» What you will do
Write out the lines of the material below exactly, beginning at the line with "Seção referente à" and stopping after the line with "छत्तीसगढ़ // विकासखंड", and leave out the pictures.

» Records provided
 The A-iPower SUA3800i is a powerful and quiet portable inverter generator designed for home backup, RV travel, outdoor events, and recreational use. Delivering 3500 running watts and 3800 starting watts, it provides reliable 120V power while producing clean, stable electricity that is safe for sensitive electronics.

--

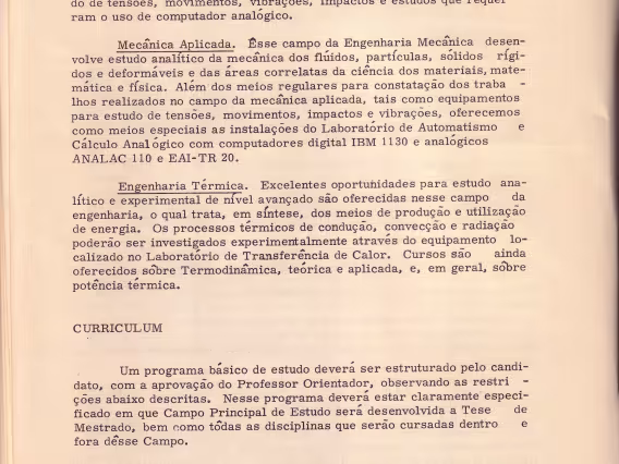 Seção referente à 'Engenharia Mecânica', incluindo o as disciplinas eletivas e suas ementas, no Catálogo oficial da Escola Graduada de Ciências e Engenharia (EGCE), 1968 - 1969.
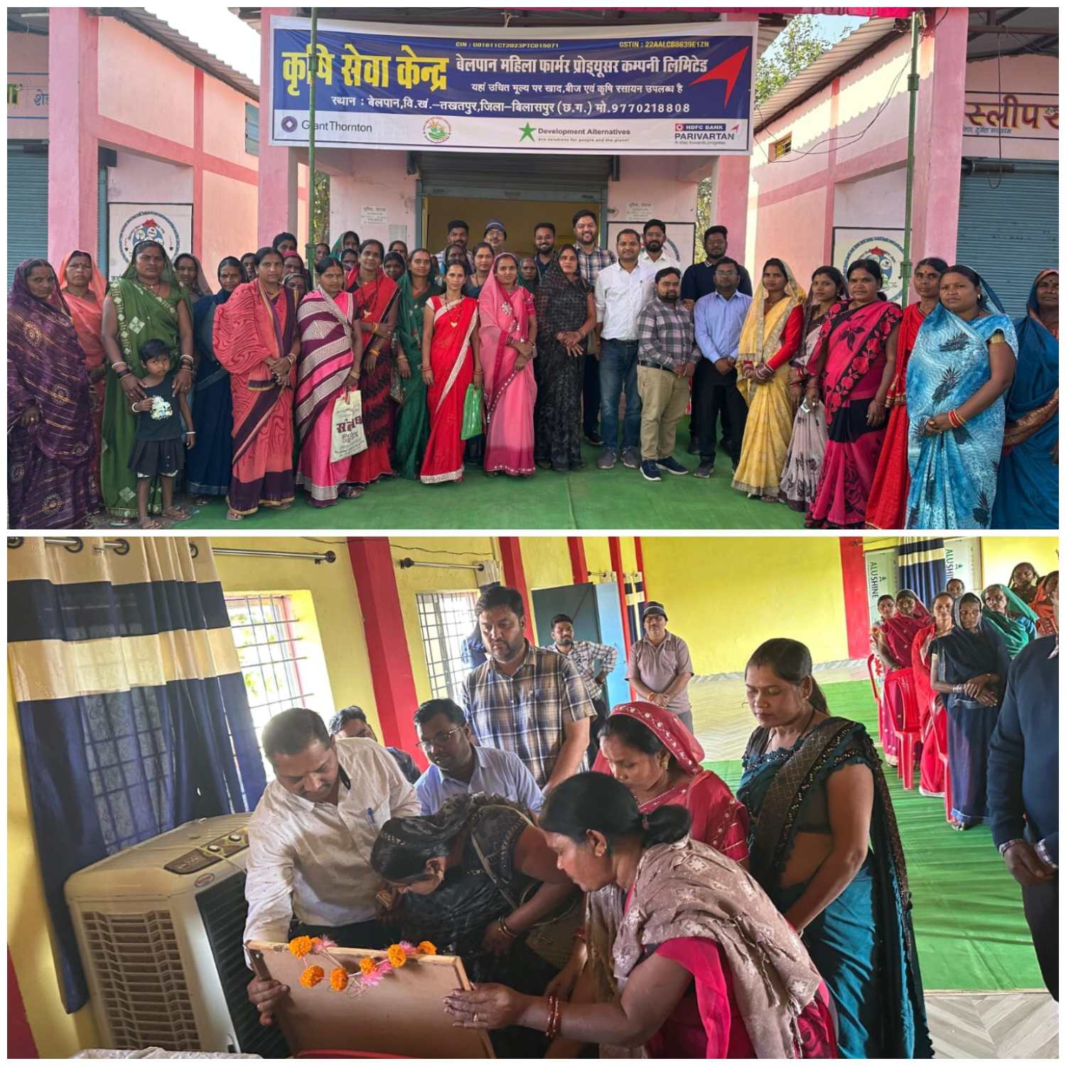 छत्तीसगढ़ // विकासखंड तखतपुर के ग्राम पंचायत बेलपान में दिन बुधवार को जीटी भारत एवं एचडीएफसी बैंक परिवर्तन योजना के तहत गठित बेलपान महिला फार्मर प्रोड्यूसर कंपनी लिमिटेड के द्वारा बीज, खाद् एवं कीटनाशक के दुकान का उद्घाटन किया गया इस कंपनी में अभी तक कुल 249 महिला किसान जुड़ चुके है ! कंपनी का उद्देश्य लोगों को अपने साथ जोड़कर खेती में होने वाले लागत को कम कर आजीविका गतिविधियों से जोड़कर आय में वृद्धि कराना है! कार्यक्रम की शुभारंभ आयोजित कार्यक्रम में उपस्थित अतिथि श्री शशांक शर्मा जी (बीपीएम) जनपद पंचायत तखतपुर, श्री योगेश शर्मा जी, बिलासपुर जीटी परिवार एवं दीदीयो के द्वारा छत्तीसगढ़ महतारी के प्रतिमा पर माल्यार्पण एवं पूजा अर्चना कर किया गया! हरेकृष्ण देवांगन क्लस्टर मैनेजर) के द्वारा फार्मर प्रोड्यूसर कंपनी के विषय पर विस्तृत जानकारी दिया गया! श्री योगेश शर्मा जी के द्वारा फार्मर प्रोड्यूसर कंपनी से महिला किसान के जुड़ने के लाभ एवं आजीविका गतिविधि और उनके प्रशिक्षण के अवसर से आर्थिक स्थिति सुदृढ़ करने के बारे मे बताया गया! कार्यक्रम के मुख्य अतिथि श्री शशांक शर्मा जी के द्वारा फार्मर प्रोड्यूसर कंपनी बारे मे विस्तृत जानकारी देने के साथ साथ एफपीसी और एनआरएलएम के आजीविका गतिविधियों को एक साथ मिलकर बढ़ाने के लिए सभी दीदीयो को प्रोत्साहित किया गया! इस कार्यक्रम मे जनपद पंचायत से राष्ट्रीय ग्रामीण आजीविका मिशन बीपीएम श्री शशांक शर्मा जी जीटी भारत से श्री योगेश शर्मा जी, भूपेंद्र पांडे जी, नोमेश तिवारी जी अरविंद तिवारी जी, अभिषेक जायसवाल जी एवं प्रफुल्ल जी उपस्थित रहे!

» Solution to this task
 Seção referente à 'Engenharia Mecânica', incluindo o as disciplinas eletivas e suas ementas, no Catálogo oficial da Escola Graduada de Ciências e Engenharia (EGCE), 1968 - 1969.
 छत्तीसगढ़ // विकासखंड तखतपुर के ग्राम पंचायत बेलपान में दिन बुधवार को जीटी भारत एवं एचडीएफसी बैंक परिवर्तन योजना के तहत गठित बेलपान महिला फार्मर प्रोड्यूसर कंपनी लिमिटेड के द्वारा बीज, खाद् एवं कीटनाशक के दुकान का उद्घाटन किया गया इस कंपनी में अभी तक कुल 249 महिला किसान जुड़ चुके है ! कंपनी का उद्देश्य लोगों को अपने साथ जोड़कर खेती में होने वाले लागत को कम कर आजीविका गतिविधियों से जोड़कर आय में वृद्धि कराना है! कार्यक्रम की शुभारंभ आयोजित कार्यक्रम में उपस्थित अतिथि श्री शशांक शर्मा जी (बीपीएम) जनपद पंचायत तखतपुर, श्री योगेश शर्मा जी, बिलासपुर जीटी परिवार एवं दीदीयो के द्वारा छत्तीसगढ़ महतारी के प्रतिमा पर माल्यार्पण एवं पूजा अर्चना कर किया गया! हरेकृष्ण देवांगन क्लस्टर मैनेजर) के द्वारा फार्मर प्रोड्यूसर कंपनी के विषय पर विस्तृत जानकारी दिया गया! श्री योगेश शर्मा जी के द्वारा फार्मर प्रोड्यूसर कंपनी से महिला किसान के जुड़ने के लाभ एवं आजीविका गतिविधि और उनके प्रशिक्षण के अवसर से आर्थिक स्थिति सुदृढ़ करने के बारे मे बताया गया! कार्यक्रम के मुख्य अतिथि श्री शशांक शर्मा जी के द्वारा फार्मर प्रोड्यूसर कंपनी बारे मे विस्तृत जानकारी देने के साथ साथ एफपीसी और एनआरएलएम के आजीविका गतिविधियों को एक साथ मिलकर बढ़ाने के लिए सभी दीदीयो को प्रोत्साहित किया गया! इस कार्यक्रम मे जनपद पंचायत से राष्ट्रीय ग्रामीण आजीविका मिशन बीपीएम श्री शशांक शर्मा जी जीटी भारत से श्री योगेश शर्मा जी, भूपेंद्र पांडे जी, नोमेश तिवारी जी अरविंद तिवारी जी, अभिषेक जायसवाल जी एवं प्रफुल्ल जी उपस्थित रहे!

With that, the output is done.